Work required: For the entries that follow, retype exactly the lines from the one containing "Combining fluid curves" to the one containing "04月23日,尖峰集团收报8", inclusive, and only those. Images stay out of the copy.

Data:
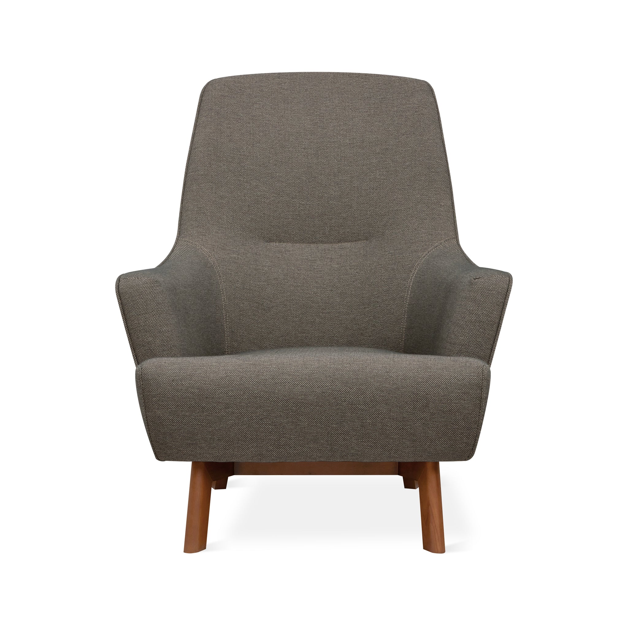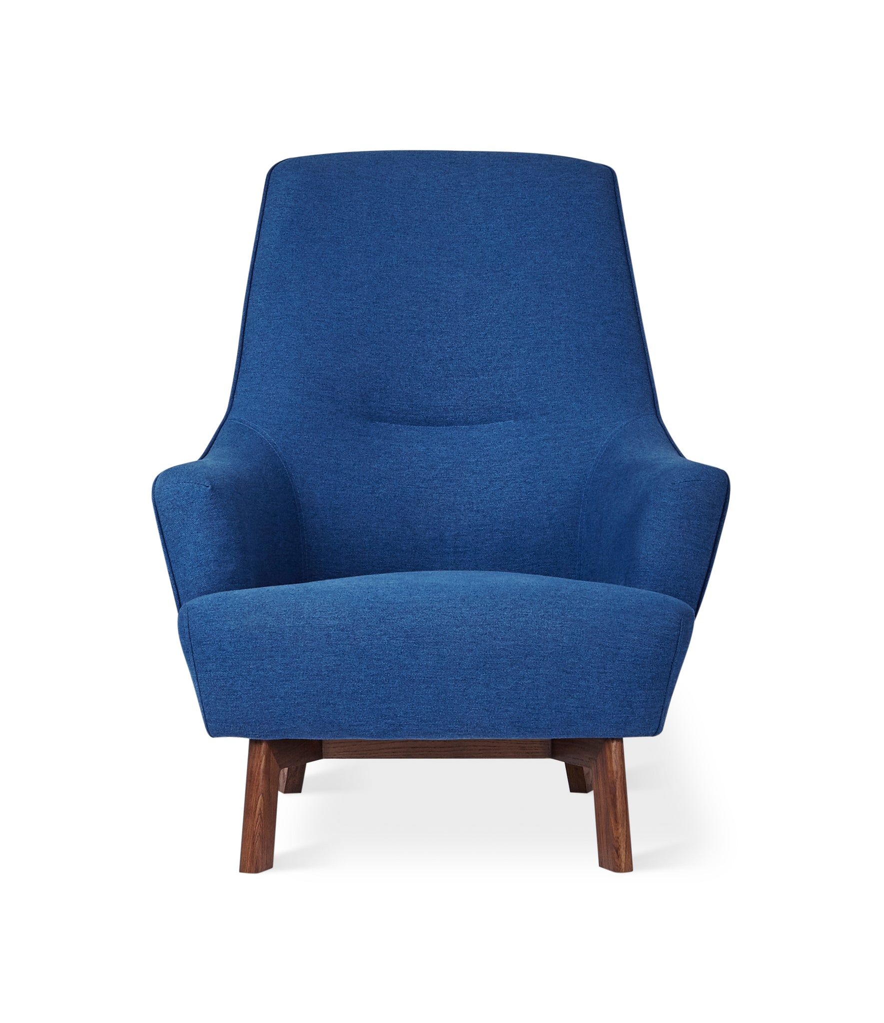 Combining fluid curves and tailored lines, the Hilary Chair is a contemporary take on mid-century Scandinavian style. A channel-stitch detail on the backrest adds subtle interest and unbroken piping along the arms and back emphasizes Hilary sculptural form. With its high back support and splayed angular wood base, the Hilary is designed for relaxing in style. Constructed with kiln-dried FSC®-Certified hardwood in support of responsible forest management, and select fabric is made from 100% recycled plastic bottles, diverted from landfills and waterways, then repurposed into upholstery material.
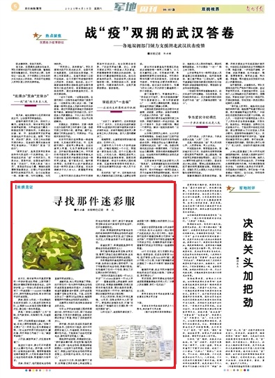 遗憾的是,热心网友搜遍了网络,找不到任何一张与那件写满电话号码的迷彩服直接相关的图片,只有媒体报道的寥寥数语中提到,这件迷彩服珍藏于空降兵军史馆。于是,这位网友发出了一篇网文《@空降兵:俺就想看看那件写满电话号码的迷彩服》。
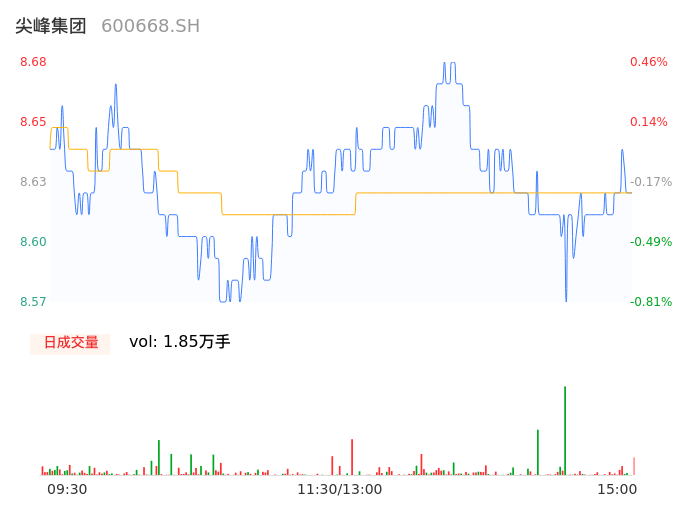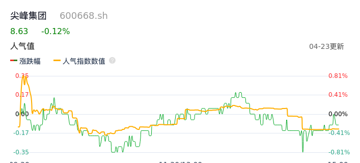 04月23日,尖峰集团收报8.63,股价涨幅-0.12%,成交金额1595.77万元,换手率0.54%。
...
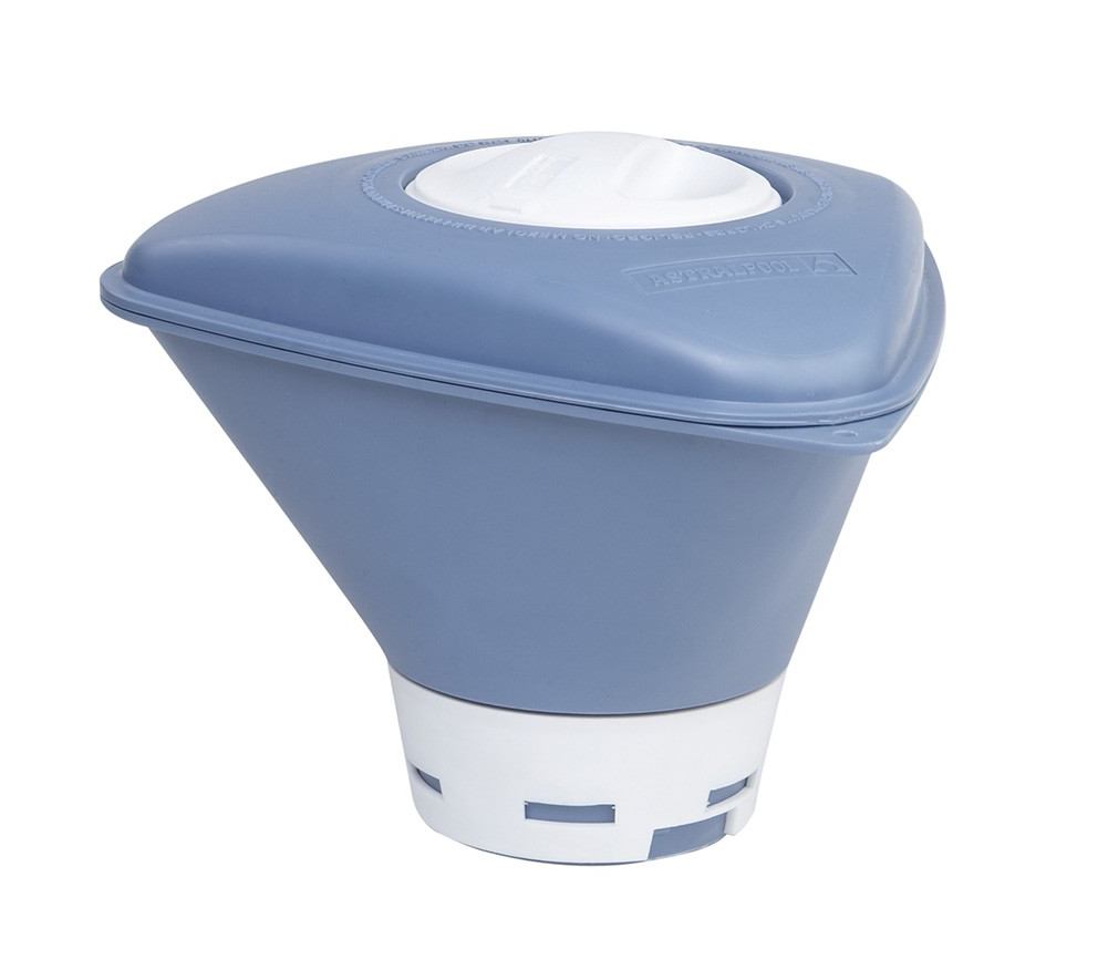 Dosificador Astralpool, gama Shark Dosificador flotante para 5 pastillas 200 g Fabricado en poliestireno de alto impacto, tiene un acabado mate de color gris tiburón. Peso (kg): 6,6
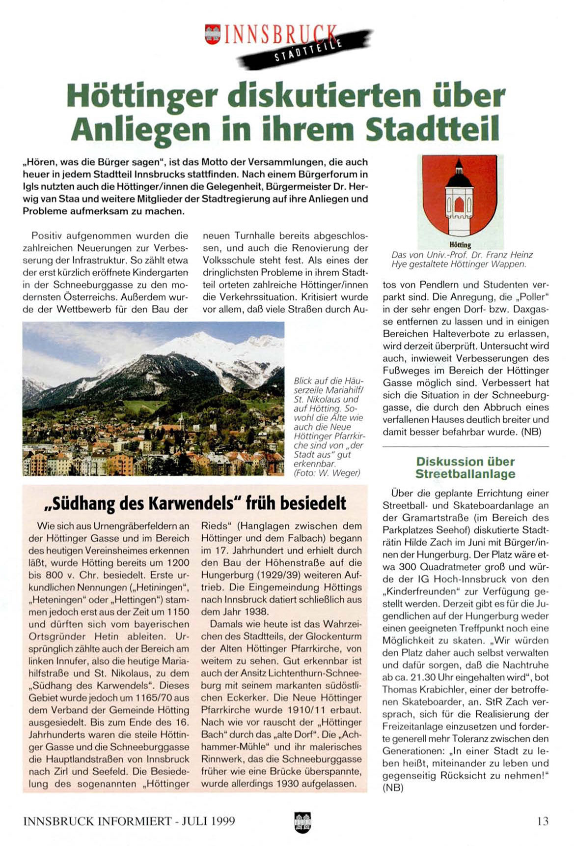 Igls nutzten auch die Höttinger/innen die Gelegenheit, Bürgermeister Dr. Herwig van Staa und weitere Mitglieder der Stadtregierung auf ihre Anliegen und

Exercise solution:
 Combining fluid curves and tailored lines, the Hilary Chair is a contemporary take on mid-century Scandinavian style. A channel-stitch detail on the backrest adds subtle interest and unbroken piping along the arms and back emphasizes Hilary sculptural form. With its high back support and splayed angular wood base, the Hilary is designed for relaxing in style. Constructed with kiln-dried FSC®-Certified hardwood in support of responsible forest management, and select fabric is made from 100% recycled plastic bottles, diverted from landfills and waterways, then repurposed into upholstery material.
 遗憾的是,热心网友搜遍了网络,找不到任何一张与那件写满电话号码的迷彩服直接相关的图片,只有媒体报道的寥寥数语中提到,这件迷彩服珍藏于空降兵军史馆。于是,这位网友发出了一篇网文《@空降兵:俺就想看看那件写满电话号码的迷彩服》。
 04月23日,尖峰集团收报8.63,股价涨幅-0.12%,成交金额1595.77万元,换手率0.54%。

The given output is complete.